- Extracted data
>>>

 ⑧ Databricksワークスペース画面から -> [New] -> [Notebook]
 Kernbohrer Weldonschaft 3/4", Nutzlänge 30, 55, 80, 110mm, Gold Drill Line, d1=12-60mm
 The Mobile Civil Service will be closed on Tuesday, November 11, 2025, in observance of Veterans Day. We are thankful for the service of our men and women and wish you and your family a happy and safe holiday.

<<<
>>>

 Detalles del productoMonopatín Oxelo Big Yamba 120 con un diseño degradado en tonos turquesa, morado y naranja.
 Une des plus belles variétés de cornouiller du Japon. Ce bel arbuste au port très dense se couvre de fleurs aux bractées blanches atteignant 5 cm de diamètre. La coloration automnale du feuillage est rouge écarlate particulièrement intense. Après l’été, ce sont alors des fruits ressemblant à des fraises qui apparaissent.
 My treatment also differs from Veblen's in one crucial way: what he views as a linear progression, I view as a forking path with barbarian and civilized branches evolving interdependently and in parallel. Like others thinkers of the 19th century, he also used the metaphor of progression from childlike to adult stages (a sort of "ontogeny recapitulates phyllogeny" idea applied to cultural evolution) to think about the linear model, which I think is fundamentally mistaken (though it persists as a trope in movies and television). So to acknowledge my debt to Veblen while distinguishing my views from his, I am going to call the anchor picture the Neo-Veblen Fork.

<<<

- The problem
Only the lines above starting at the line that holds "Drill Line, d1=12-60mm" and ending at the line that holds "The Mobile Civil" are to be repeated, exactly and in full.

- Solution for this problem
 Kernbohrer Weldonschaft 3/4", Nutzlänge 30, 55, 80, 110mm, Gold Drill Line, d1=12-60mm
 The Mobile Civil Service will be closed on Tuesday, November 11, 2025, in observance of Veterans Day. We are thankful for the service of our men and women and wish you and your family a happy and safe holiday.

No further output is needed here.